Why did you decide to sell your game on Etsy and how has that been?

I didn’t want to go the Kickstarter route and fundraise. I didn’t want to spend a lot of time convincing people to believe in an idea before it went into production. I loved my game and was committed to making it a reality, even if that just meant very small print runs and enough copies to use in classrooms and sell to friends and family. I also didn’t want to sell an idea to a larger established company. I wanted to grow my project myself and oversee every aspect of production and sale. Etsy allowed me to start very small and grow organically. There are also a lot of creative types that shop on Etsy–the same people who tend to appreciate the intersection of art, science, and gameplay. It’s been great for me, and I’ve really enjoyed getting to know my customers.

What’s a game you remember playing as a kid?

Risk. As a kid, I would watch the grownups at my grandparent’s house have Risk championships after Thanksgiving and Christmas dinner. All the aunts and uncles would be around the table furiously negotiating and rolling dice. I was fascinated! I wasn’t allowed to play, but the morning after I would get the board out with my sister and we would make our own rules. I just liked holding the small abstract pieces and studying the beautiful map. It felt like magic.
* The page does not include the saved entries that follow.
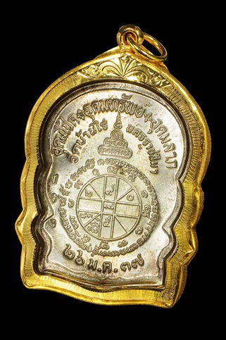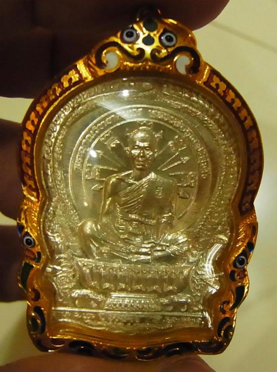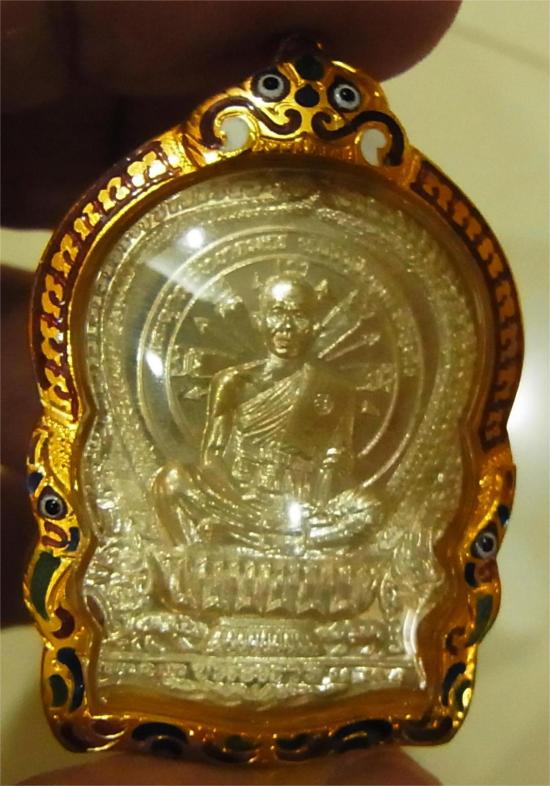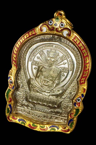 หลวงพ่อคูณ นั่งพานชนะมาร เนื้อเงิน สวยใส จมูกโด่ง หมายเลขมงคล 168 เลี่ยมทองลงยา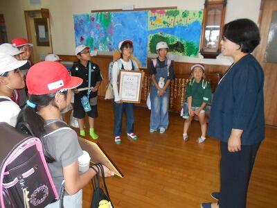 最後に、4年生の感謝の気持ちがたくさん詰まったお手紙をお渡ししました。受け取られると保存会の方もにっこり。気持ちを伝えられてよかったね。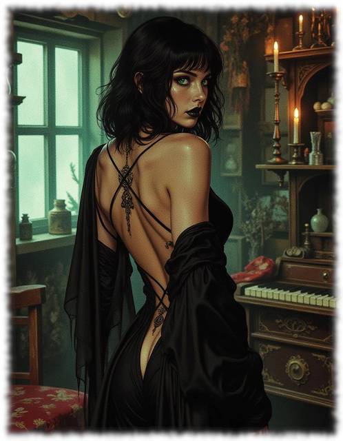 Я толкнул дверь вперед и ступил внутрь. Меня обдало теплом и запахом лечебных трав, а спиной ко мне, согнувшись над широким дубовым столом, что-то стряпала Ве́сна. Она была одета в черное платье до пола с до неприличия широким вырезом во всю спину, по которой бежали мелкие искорки маны.

What’s a recent board game you tried and loved?

Photosynthesis. I loved the rotating light mechanic that makes you think about how your trees are going to best absorb energy from the sun given the height of the other trees around you.

What’s a go-to board game for you?

Agricola. I love the hard choices that have to be made when planning your farm. I also love daydreaming about being outside on a nice day, tending to plants and animals.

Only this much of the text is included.